(Beginning of EXERCISE INPUT)
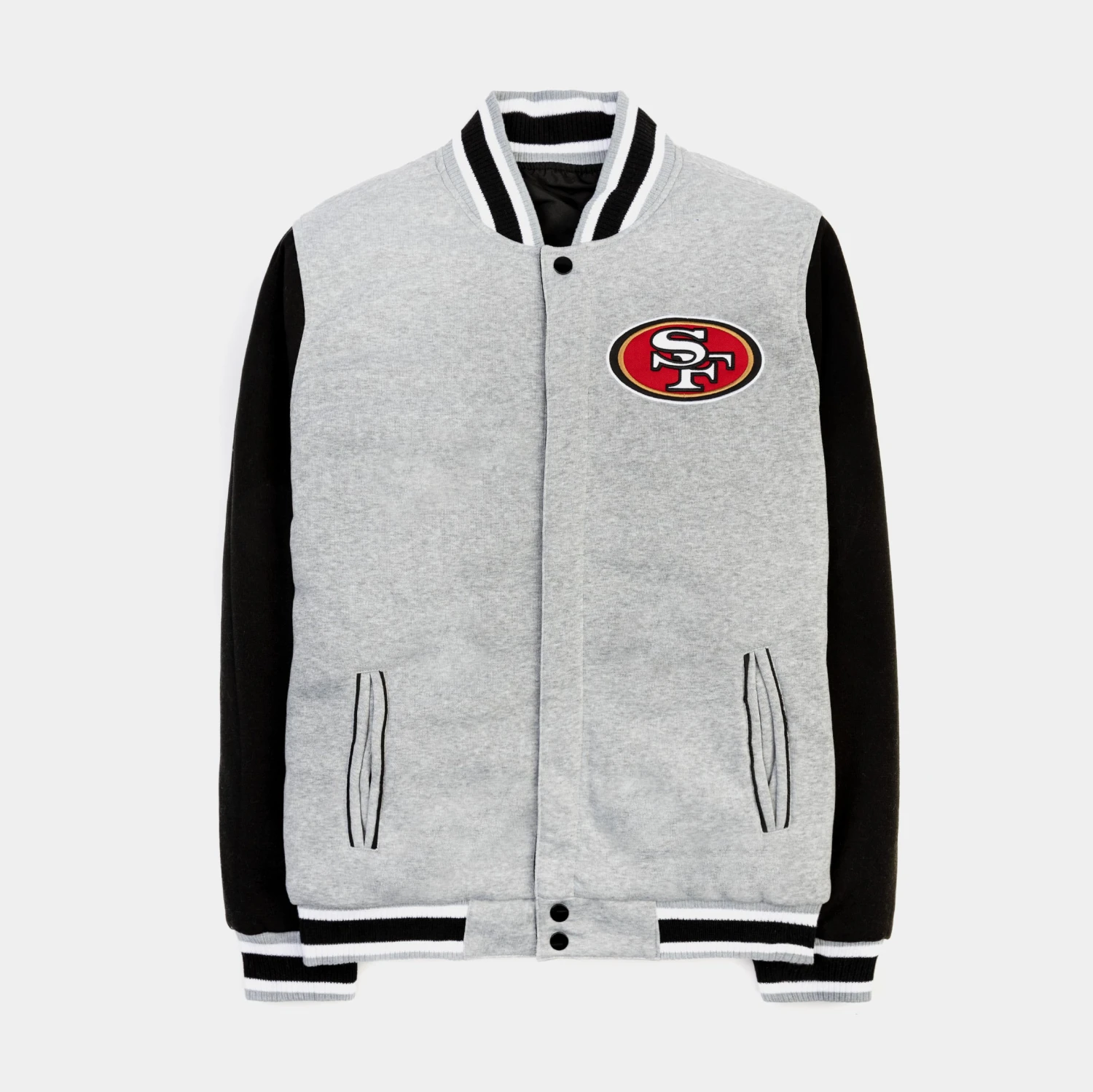 Be the first to review “San Francisco 49ers Reversible Letterman Mens Jacket (Black/Grey)” Cancel reply
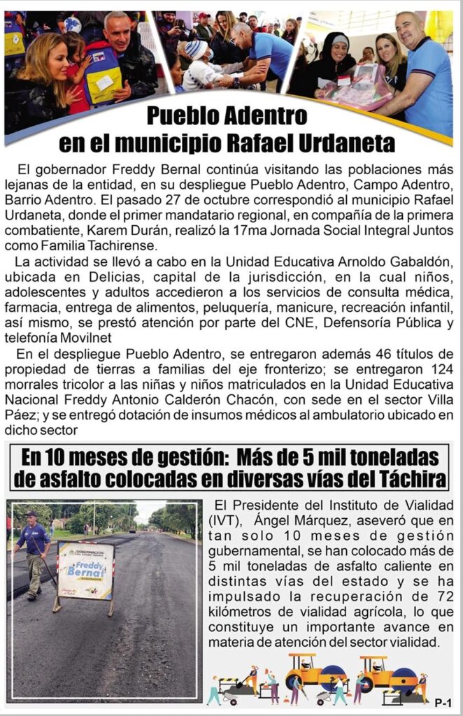 Comparte El INFORMATIVO TÁCHIRA – Edición No 12, boletín de la Gobernación del estado, compacto para dar cuenta de la gestión y los esfuerzos que en conjunto con el gobernador Freddy Bernal se vienen ejecutando por amor el Táchira.
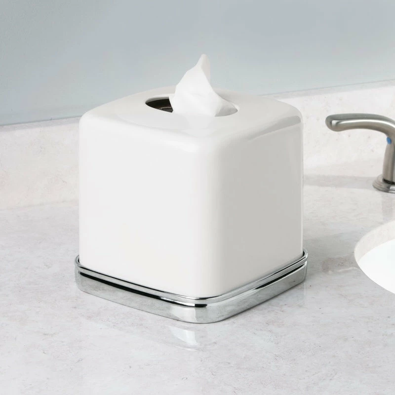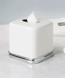 Add style and class to your bathroom with the iDesign York 2 Boutique Tissue Box Cover! This high-quality box slides over your favorite brand of facial tissue to bring luxury to your bathroom or bedroom. Constructed of durable steel, this box is easy to clean and will last for years to come. The simple brushed design easily matches with any room decor for a cohesive look. The iDesign York 2 Boutique Tissue Box Cover measures 5.75″ x 5.75″ x 5.5″ to fit over square boxes.
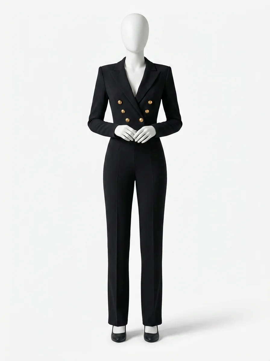 Des boutons dorés et un col à revers apportent une touche de luxe discret à une tenue quotidienne. La fluidité des jambes allonge la silhouette tandis que la taille marquée souligne les formes avec subtilité. Un entretien facile en machine garantit une allure soignée jour après jour pour les femmes actives en quête de raffinement.
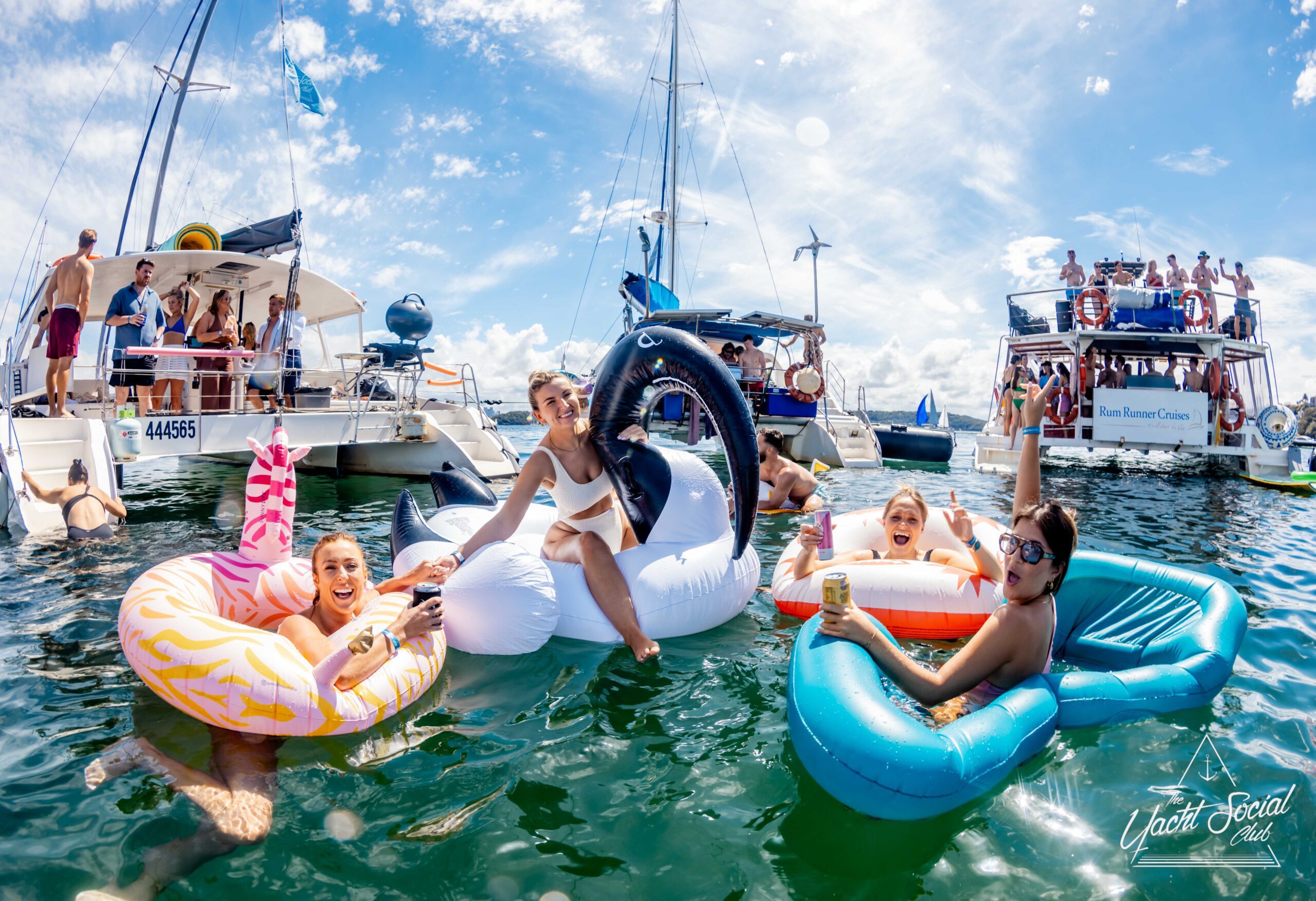 People are enjoying a sunny day on the water, floating on colorful inflatable rings near a docked boat. They are smiling, holding drinks, and having fun under a bright, clear sky. The boat in the background has a visible name along with the logo "Boat Parties Sydney The Yacht Social Club.
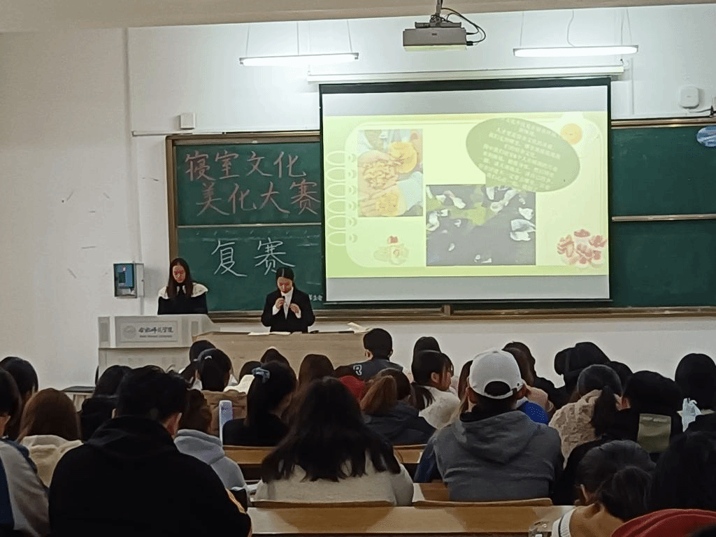 在活动复赛阶段,晋级寝室的成员选出自己寝室的主讲人。各位主讲人介绍了每位寝室成员的性格、兴趣爱好,讲述了在寝室里进行的趣味活动和与寝室成员一起进行的志愿活动,展现出老员工寝室成员团结互助、共同进步的面貌。主讲人们强调要加强寝室中的文化建设,精神文明建设以及学风建设,寝室成员之间要团结互助,互相包容理解,将“爱满天下,知行合一”的校训贯彻在日常的生活学习中。
(End of EXERCISE INPUT)
Beginning at the line above that contains "Add style and", repeat each line exactly through the one that contains "Des boutons dorés", and leave out the pictures.

 Add style and class to your bathroom with the iDesign York 2 Boutique Tissue Box Cover! This high-quality box slides over your favorite brand of facial tissue to bring luxury to your bathroom or bedroom. Constructed of durable steel, this box is easy to clean and will last for years to come. The simple brushed design easily matches with any room decor for a cohesive look. The iDesign York 2 Boutique Tissue Box Cover measures 5.75″ x 5.75″ x 5.5″ to fit over square boxes.
 Des boutons dorés et un col à revers apportent une touche de luxe discret à une tenue quotidienne. La fluidité des jambes allonge la silhouette tandis que la taille marquée souligne les formes avec subtilité. Un entretien facile en machine garantit une allure soignée jour après jour pour les femmes actives en quête de raffinement.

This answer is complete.